[HN Gopher] Understanding HTML with Large Language Models
       ___________________________________________________________________
        
       Understanding HTML with Large Language Models
        
       Author : PaulHoule
       Score  : 35 points
       Date   : 2022-10-11 19:26 UTC (3 hours ago)
        
 (HTM) web link (arxiv.org)
 (TXT) w3m dump (arxiv.org)
        
       | bootcat wrote:
       | Looking forward to the code and the model,
        
       | drothlis wrote:
       | Related, "natbot" uses the stock GPT-3 model (no fine-tuning
       | apart from the examples in the prompt) to drive a browser:
       | 
       | https://github.com/nat/natbot
        
       | ankrgyl wrote:
       | There is a visual demo here:
       | https://sites.google.com/view/llm4html/home.
       | 
       | This work is very exciting to me for a few reasons:
       | 
       | - HTML is an incredibly rich source of visually structured
       | information, with a semi-structured representation. This is as
       | opposed to PDFs, which are usually fed into models with a "flat"

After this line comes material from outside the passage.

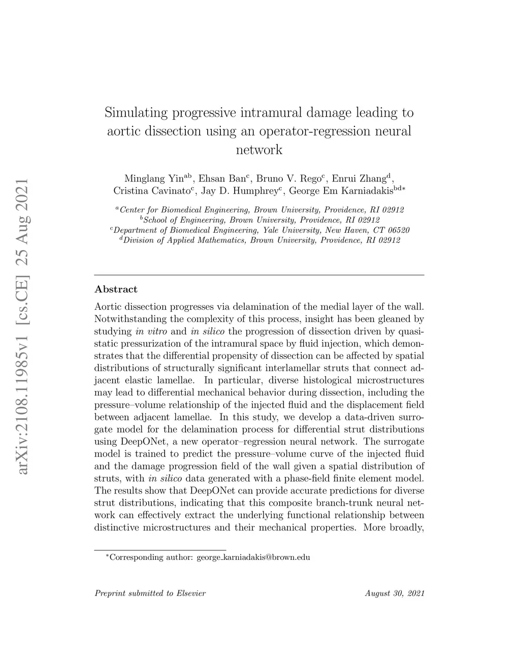 Aortic dissection progresses via delamination of the medial layer of the wall. Notwithstanding the complexity of this process, insight has been gleaned by studying in vitro and in silico the progression of dissection driven by quasi-static pressurization of the intramural space by fluid injection, which demonstrates that the differential propensity of dissection can be affected by spatial distributions of structurally significant interlamellar struts that connect adjacent elastic lamellae. In particular, diverse histological microstructures may lead to differential mechanical behavior during dissection, including the pressure--volume relationship of the injected fluid and the displacement field between adjacent lamellae. In this study, we develop a data-driven surrogate model for the delamination process for differential strut distributions using DeepONet, a new operator--regression neural network. The surrogate model is trained to predict the pressure--volume curve of the injected fluid and the damage progression field of the wall given a spatial distribution of struts, with in silico data generated with a phase-field finite element model. The results show that DeepONet can provide accurate predictions for diverse strut distributions, indicating that this composite branch-trunk neural network can effectively extract the underlying functional relationship between distinctive microstructures and their mechanical properties. More broadly, DeepONet can facilitate surrogate model-based analyses to quantify biological variability, improve inverse design, and predict mechanical properties based on multi-modality experimental data.

       | representation (words + bounding boxes). Intuitively, this offers
       | the model a more direct way to learn about nested structure, over
       | an almost unlimited source of unsupervised pre-training data.
       | 
       | - Many projects (e.g. Pix2Struct
       | https://arxiv.org/pdf/2210.03347.pdf, also from Google) operate
       | on pixels, which are expensive (both to render and process in the
       | transformer). Operating on HTML directly means smaller, faster,
       | more efficient models.
       | 
       | - (If open sourced) it will be the first (AFAIK) open pre-trained
       | ready-to-go model for the RPA/automation space (there are several
       | closed projects). They claim they plan to open source the dataset
       | at least, which is very exciting.
       | 
       | I'm particularly excited to extend this and similar
       | (https://arxiv.org/abs/2110.08518) for HTML question answering
       | and web scraping.
       | 
       | Disclaimer: I'm the CEO of Impira, which creates OSS
       | (https://github.com/impira/docquery) and proprietary
       | (http://impira.com/) tools for analyzing business documents. I am
       | not affiliated with this project.
        
         | hwers wrote:
         | This is google, they for sure aren't releasing the weights
        
         | ShamelessC wrote:
         | Exciting/scary stuff! A sophisticated enough version could
         | carry out any range of tasks that a typical computer
         | user/browser could from just a few sentences with somewhat high
         | chance of success.
         | 
         | we will overuse this tech, forgetting important processes that
         | are perhaps wise to keep a "human backup" for redundancy. Then
         | again, RPA is already a case where a "proper" rewrite of some
         | multi-program pipeline is impossible.
        
           | ankrgyl wrote:
           | This is a "classic" tension. Having worked in the (broader)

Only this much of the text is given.